• **Work request**:
Pictures aside, quote the whole listing exactly.
□ □ □ □
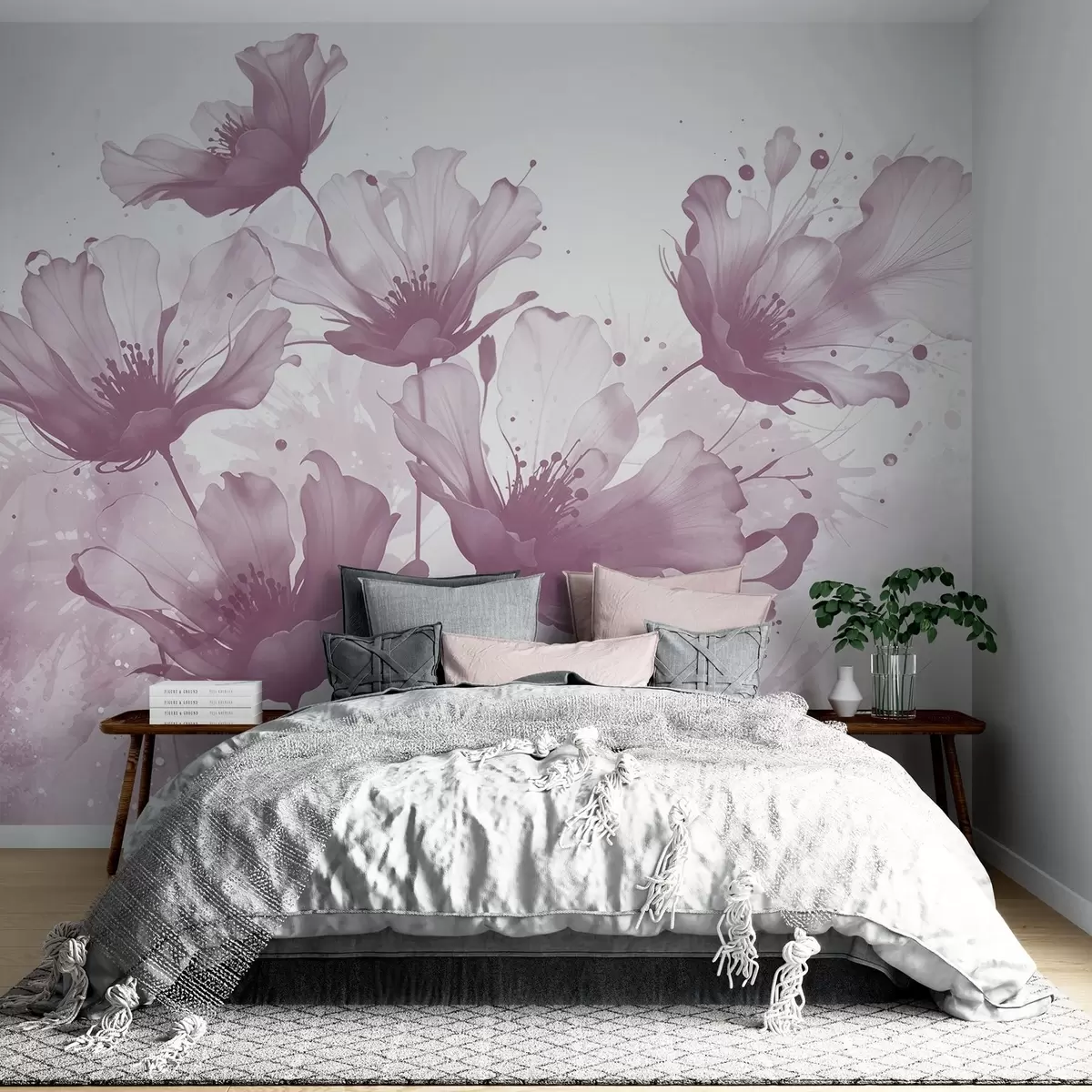 Fototapety Jemné ružové kvety s jemnými, rozmazanými okvetnými lístkami a akvarelovými škvrnami na svetlom pozadí Nr. w08376v2
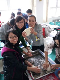 经过一个小时的拼搏,同学们身上沾满了面粉,但水饺盘里却添满了各式各样的水饺。老师与学生们看着这“可爱”的水饺,脸上洋溢出满意的笑容。包水饺的过程对于大多数学生来说可能得需要花费一番周折,但从他们脸上看到的却只有欢乐与满足。水饺出锅后,大家满意地吃着自己亲手包的水饺,整个餐厅弥漫着家的气息。
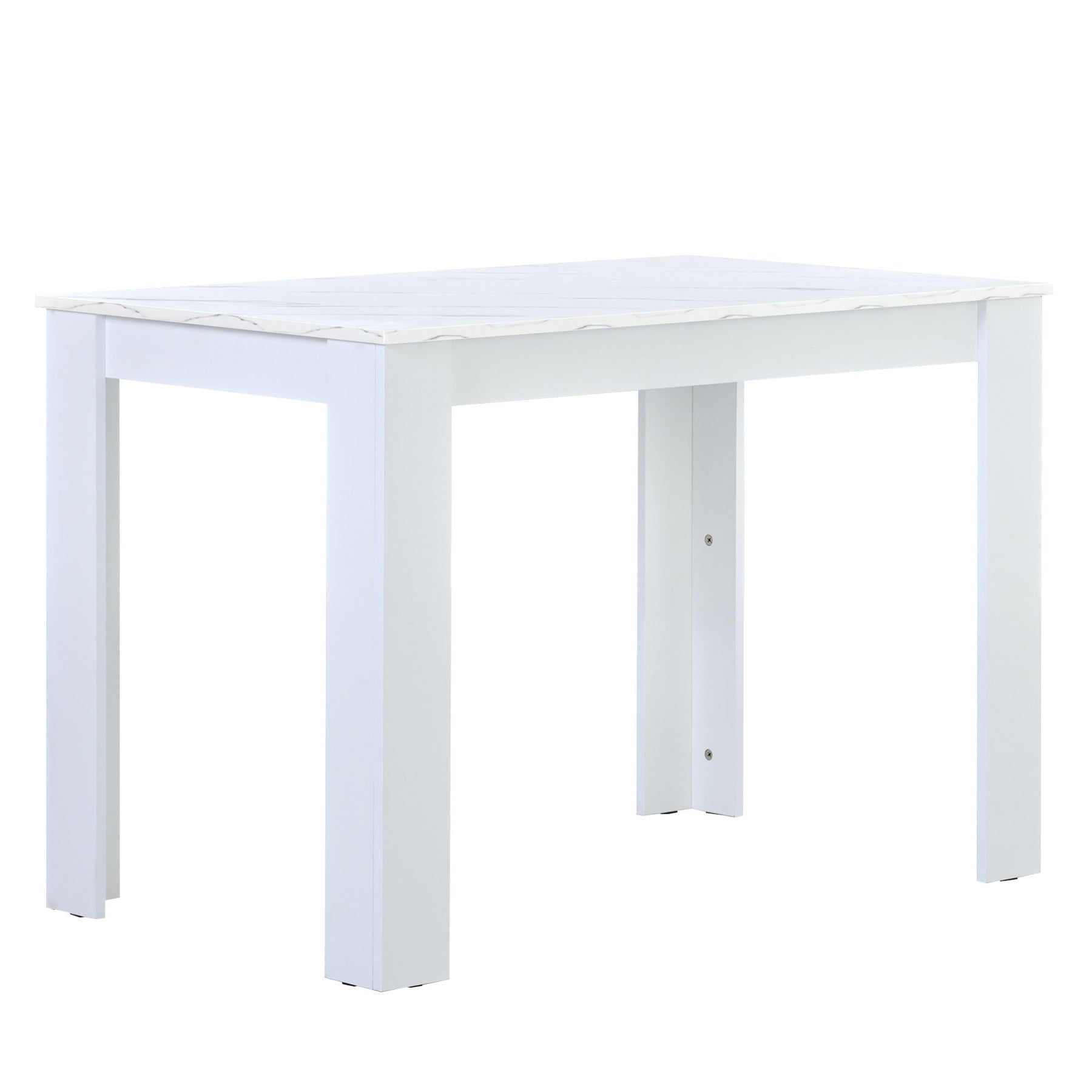 This elegant 3-piece dining set, featuring one table and two matching benches, is perfectly designed for smaller kitchens, dining rooms, or apartment living. The set boasts a beautiful white artificial marble finish on the tabletop and a clean white frame, instantly adding a stylish, contemporary, and upscale feel to your space. Expertly constructed from premium E1 MDF, the set offers exceptional stability and a compact, space-saving design that doesn't compromise on reliable seating or timeless style.
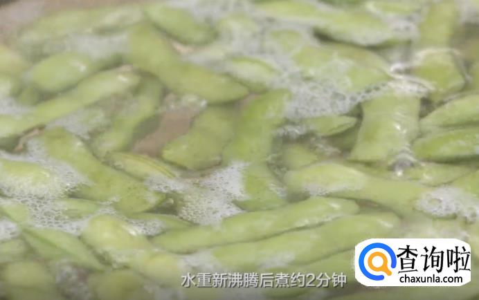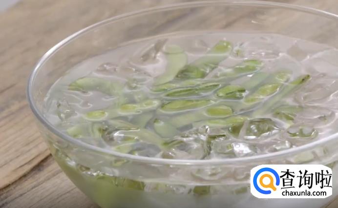 先将毛豆洗干净,用剪刀剪去一头以便入味。烧一锅沸水,放入毛豆,水重新沸腾后煮约2分钟后捞出,加入有冰块的水中。
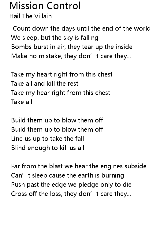| 歌曲 | Mission Control |
□ □ □ □
• **Output of the task**:
 Fototapety Jemné ružové kvety s jemnými, rozmazanými okvetnými lístkami a akvarelovými škvrnami na svetlom pozadí Nr. w08376v2
 经过一个小时的拼搏,同学们身上沾满了面粉,但水饺盘里却添满了各式各样的水饺。老师与学生们看着这“可爱”的水饺,脸上洋溢出满意的笑容。包水饺的过程对于大多数学生来说可能得需要花费一番周折,但从他们脸上看到的却只有欢乐与满足。水饺出锅后,大家满意地吃着自己亲手包的水饺,整个餐厅弥漫着家的气息。
 This elegant 3-piece dining set, featuring one table and two matching benches, is perfectly designed for smaller kitchens, dining rooms, or apartment living. The set boasts a beautiful white artificial marble finish on the tabletop and a clean white frame, instantly adding a stylish, contemporary, and upscale feel to your space. Expertly constructed from premium E1 MDF, the set offers exceptional stability and a compact, space-saving design that doesn't compromise on reliable seating or timeless style.
 先将毛豆洗干净,用剪刀剪去一头以便入味。烧一锅沸水,放入毛豆,水重新沸腾后煮约2分钟后捞出,加入有冰块的水中。
| 歌曲 | Mission Control |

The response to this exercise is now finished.